After a productive first half against the Philadelphia Eagles, Flacco and the Ravens’ offense got progressively worse as the game waged on. The reason for that can squarely be placed on the shoulders of offensive coordinator Cam Cameron.
The play-calling from Cameron can be characterized as inexcusable, predictable and stubborn.
First and foremost, Cameron went away from Ray Rice after Rice had a huge first half. Rice ripped off 78 yards on seven carries for an average of 11.1 yards-per-carry in the opening half, and was responsible for the Ravens getting into Philadelphia territory all half. Then, inexplicably, Cameron went away from Rice for basically the entire third quarter. The Ravens held a 17-7 lead at halftime and also had the ball to start the second half. It was the perfect situation to chew up yards and some time to start the second half while also putting up some points.
Not in the eyes of Cameron, as the Ravens came out throwing early and often to start the half. Rice did not get a touch until the Ravens’ fourth offensive drive in the third quarter. Those four drives resulted in an interception, and three three-and-outs. On the opening drive of the half, the Ravens had a third-and-two near midfield when Flacco forced the ball into triple coverage which resulted in an interception and also led to an Eagles’ touchdown. When Cameron finally came to his senses and gave the ball to Rice, it was very forced and predictable, as the Eagles’ defense was ready for it and stacked up the Ravens’ rushing attack in the second half.

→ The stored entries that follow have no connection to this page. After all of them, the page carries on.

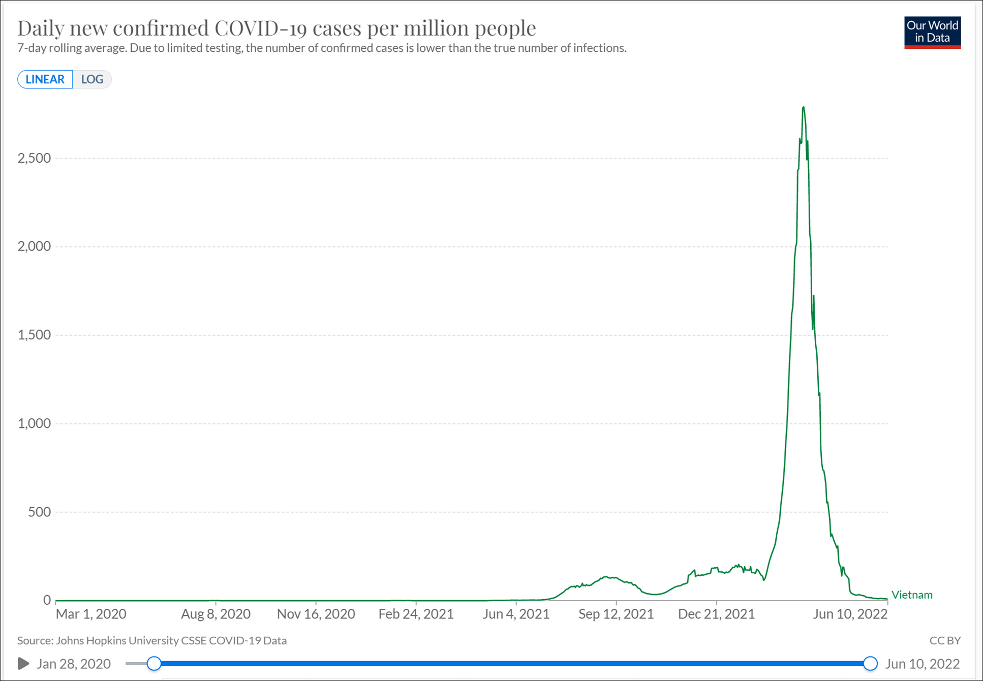 随着新冠变种病毒不断出现,越南这个“抗疫优等生”风光不再。经历了2021年下半年的疫情,越南的疫情曲线从2022年2月开始急剧上升,至3月中旬达到峰值,单日确诊人数一度突破20万例,随后开始下降。
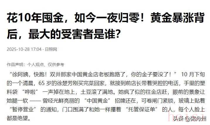 《花10年囤金,如今一夜归零!黄金暴涨背后,最大的受害者是谁?》——2025-10-28 17:04·日照网
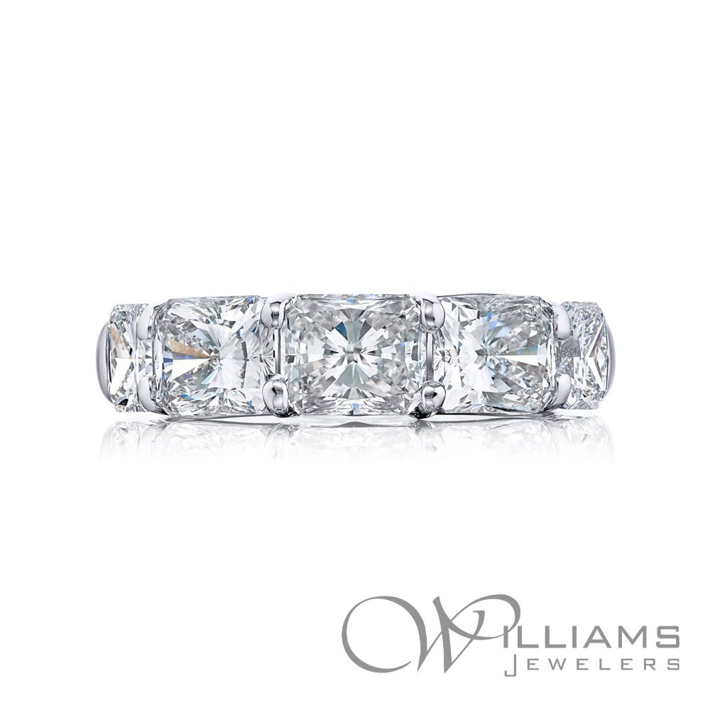 JB Star Platinum Classic Single-Row Radiant-Cut Diamond Band with 5=3.91 Carat Total Weight Radiant G Color, VS Clarity Diamonds, Size 6.75
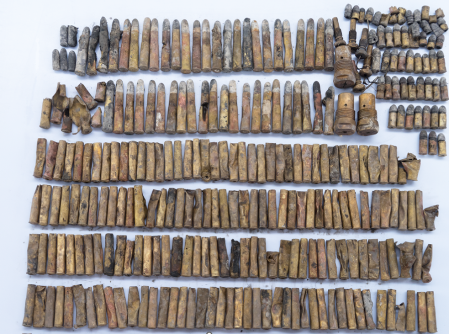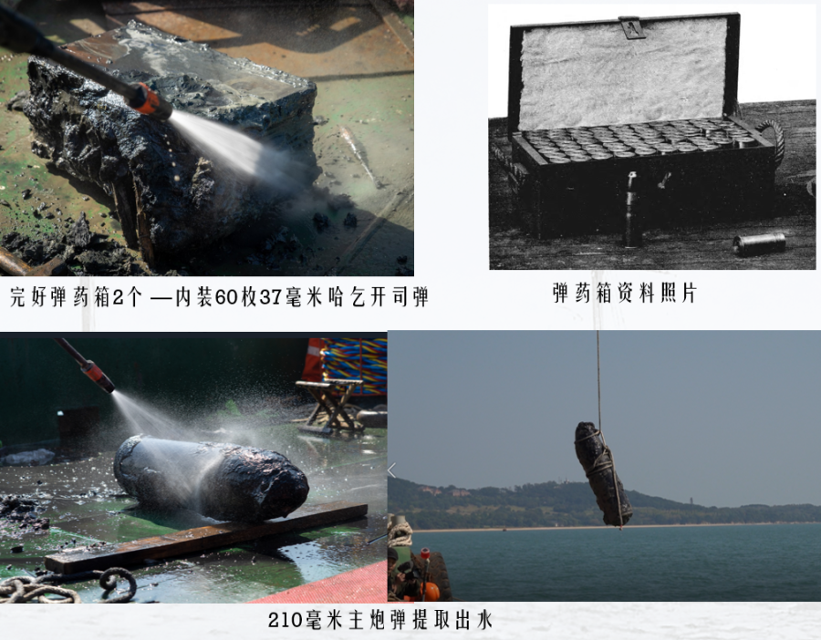 靖远舰于舯部发现2箱完好的37毫米哈乞开司炮弹、艏部发现1枚210毫米主炮开花弹。

The Ravens threw the ball 42 times, while only rushing 21 times.Through two weeks the Ravens have passed the ball on 63 percent of their offensive plays. Rice is twentieth in the league with 26 carries through two weeks, and has yet to rush for 100 yards in a game.

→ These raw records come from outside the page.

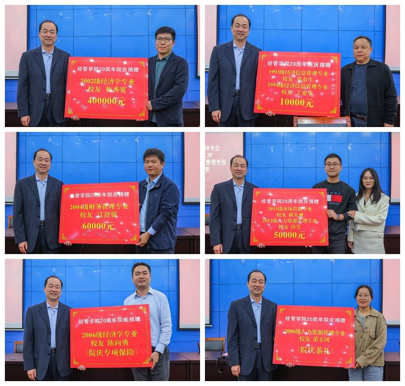 公司的发展离不开员工的襄助厚爱和热忱奉献,会上举办了返校员工定向捐赠仪式。乔静代表公司向捐赠人2002级经济学专业员工梅秀宽、冯立松、许思晗,2004级财管专业员工江舒银,2011级市场营销专业员工胡久洲、2012级人力资源管理专业员工孙莹,1993级经济信息管理专业员工张春生、1994级经济信息管理专业员工丁爱华,2006级人力资源管理专业员工荣玉凤,2006级经济学专业员工陈向勇等颁发捐赠牌并合影留念。
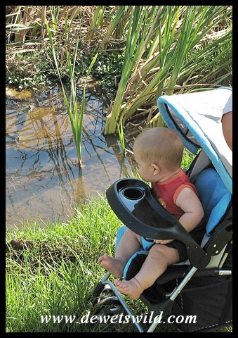 2010-03_Moreletakloof ← Previous Next → 7 Months old: March 2010. Off-roading pram along the Rademeyer Spruit in the Moreletakloof.
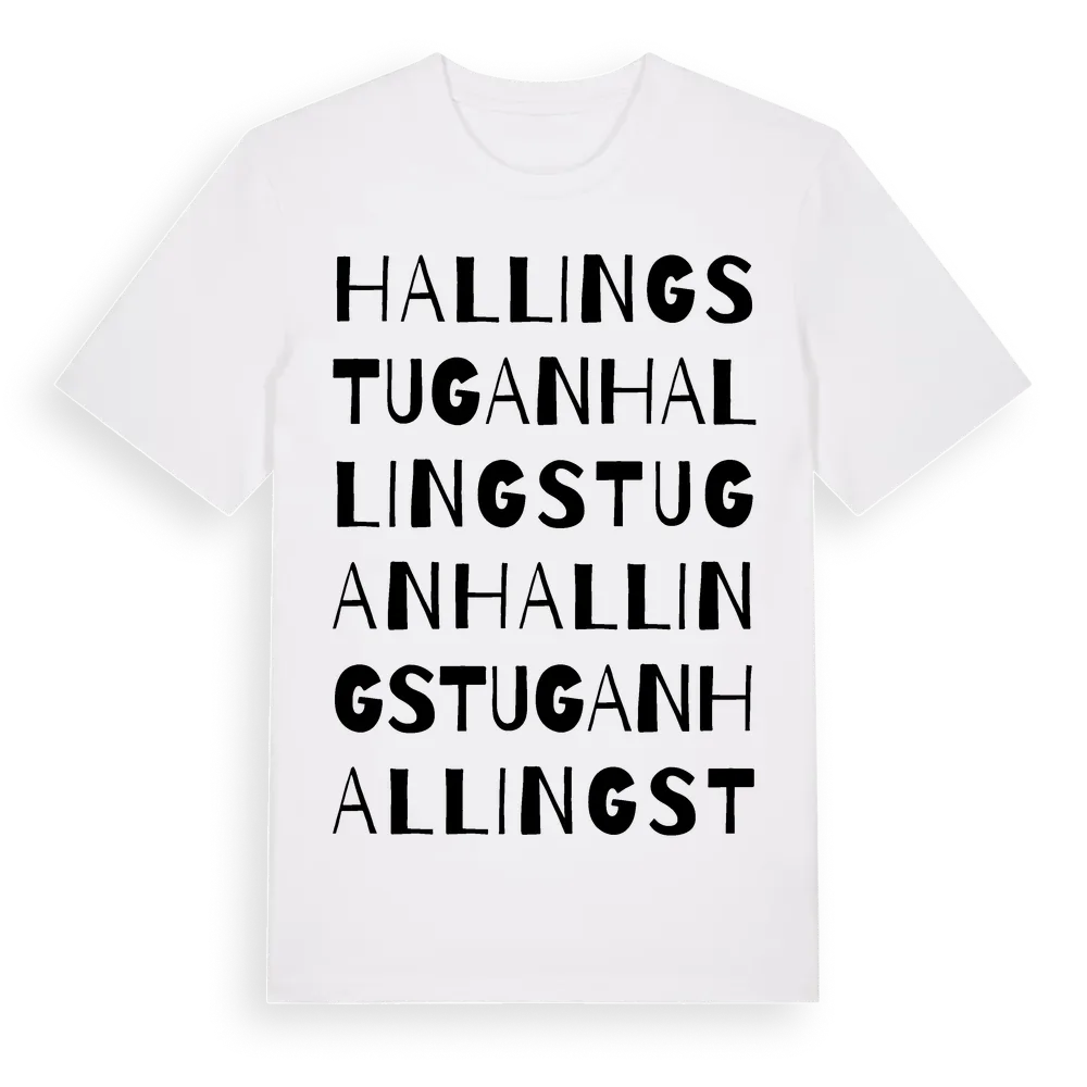 Hallingstugan ordlek t-shirt är inspirerad av Hallingstugan i Södermanlands län, Sverige. Tröjan är designad för dig som har en speciell koppling till platsen – oavsett om du bor här, har rötterna här eller bara älskar Hallingstugan.

The truly damning trend was the play-calling on short-yardage downs. The Ravens had six occasions of either third-and-two, third-and-one or fourth-and-one. Cameron recklessly called pass plays on all six attempts, as the Ravens went 0-for-6 on those plays. Those drive-killing calls where a major reason why so many promising drives ended in zero points and enabled the Eagles to climb back in the game. In all, the Ravens went a pathetic 4-for-14 on third down and 0-for-2 on fourth down. Cameron’s repeated neglecting of such a premier running back on short-yardage downs while Rice was having a great day is simply inexcusable and it proved to be costly.

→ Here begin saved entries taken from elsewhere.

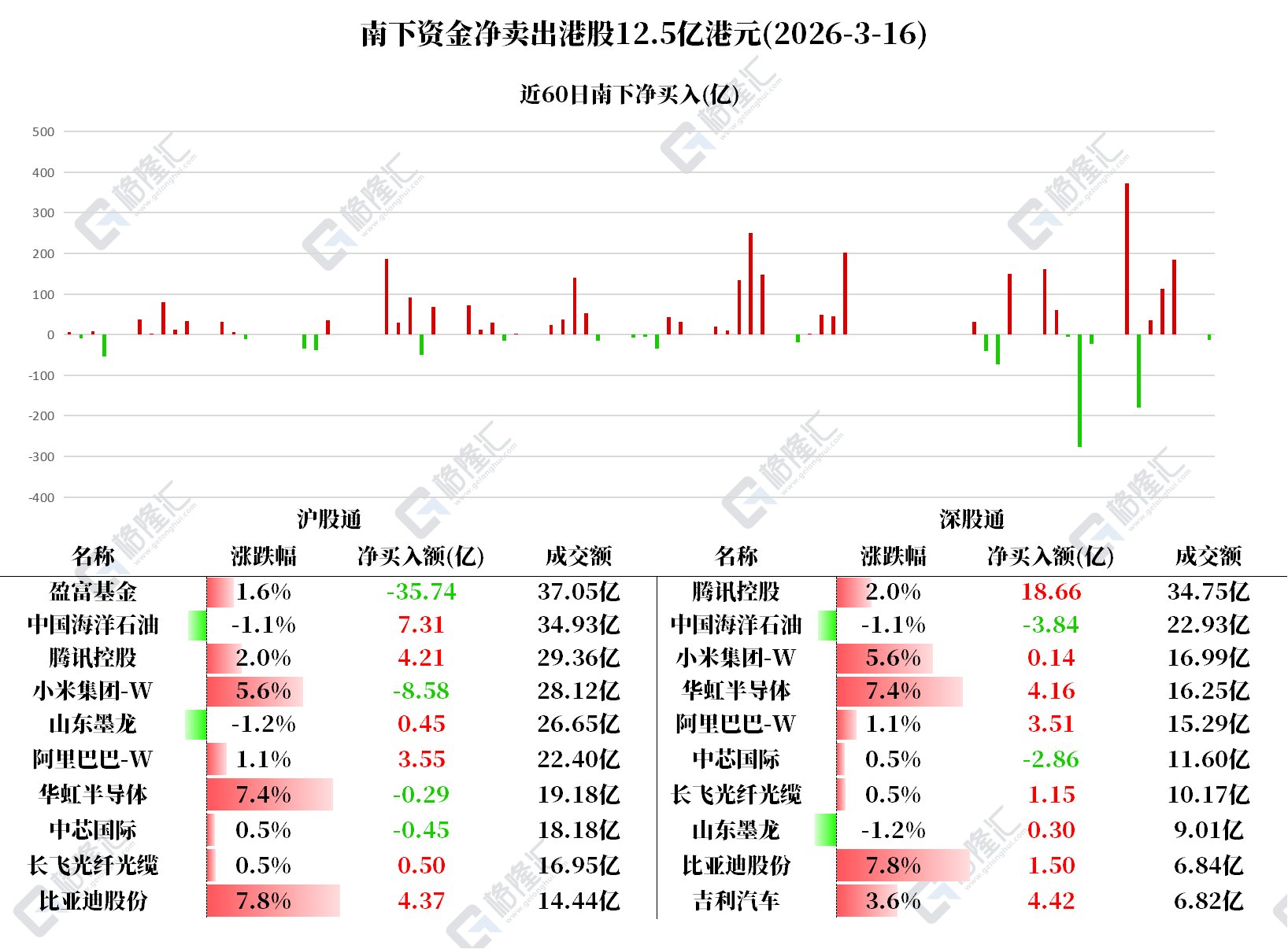 格隆汇3月16日|南下资金今日净卖出港股12.5亿港元。其中:
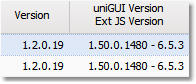 No exemplo acima a versão da aplicação do Node é 1.2.0.19, foi compilada com a versão do uniGUI 1.50.0.1480 e a versão do Ext JS usada é 6.5.3. (A versão da aplicação do Node é irrelevante para este tópico.)
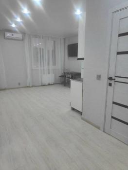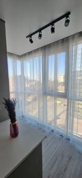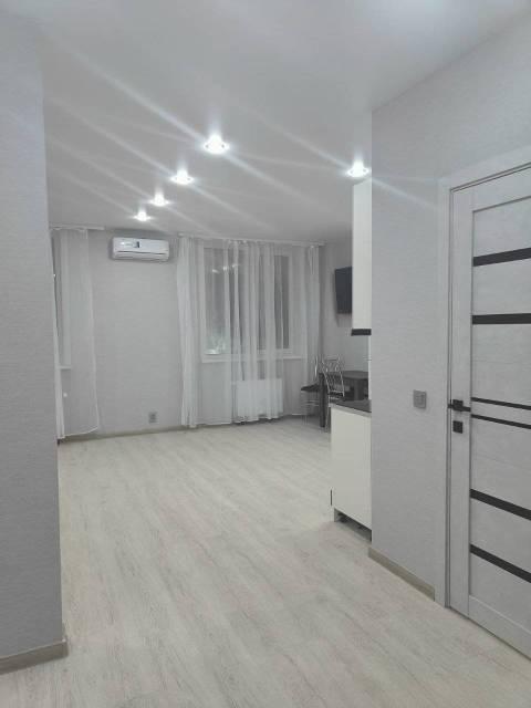 Железная дверь, Ламинат, Натяжной потолок, Пластиковые окна, Софиты, Стены выровнены, Тёплый пол по всей квартире, витражные окна в пол, красивый вид из окна. В квартире есть все условия для шикарного проживания.

Besides going pass-happy to a fault, Cameron also inexplicably went away from the no-huddle offense. The Ravens had major success with the no-huddle against the Bengals in week 1, and they were again moving the ball well using it against the Eagles. The no-huddle was keeping the Philadelphia defense off-balance and disoriented. The offense was at its best when in the no-huddle for Baltimore, yet Cameron went away from it in the second half. After the aforementioned putrid start to the second half, you could feel the momentum going to the Eagles, yet Cameron stubbornly stood idly by and did nothing to stem the tide. The pass protection was getting worse as the game went on and Flacco looked uncomfortable, while Cameron did nothing to help his tiring offensive line or his happy-footed quarterback.
The unit that felt the brunt of Cameron’s wrath was the defense. They battled all game and did their job for the most part, as they forced four Philadelphia turnovers. It wasn’t the defense’s fault that their offensive only produced 10 points off those four turnovers. They were on the field for just under 35 minutes of the game, with long stretches of that time occurring while the Eagles took control of the game in the second half.
It all comes back to the offense though. Could Flacco have played better? Absolutely. Could the offensive line have done a better job giving Flacco more time? Sure. However, by putting both those units in tenuous spots while going away from the offense’s best player in Rice, Cameron did all he could to blow this game, and that is exactly what he did.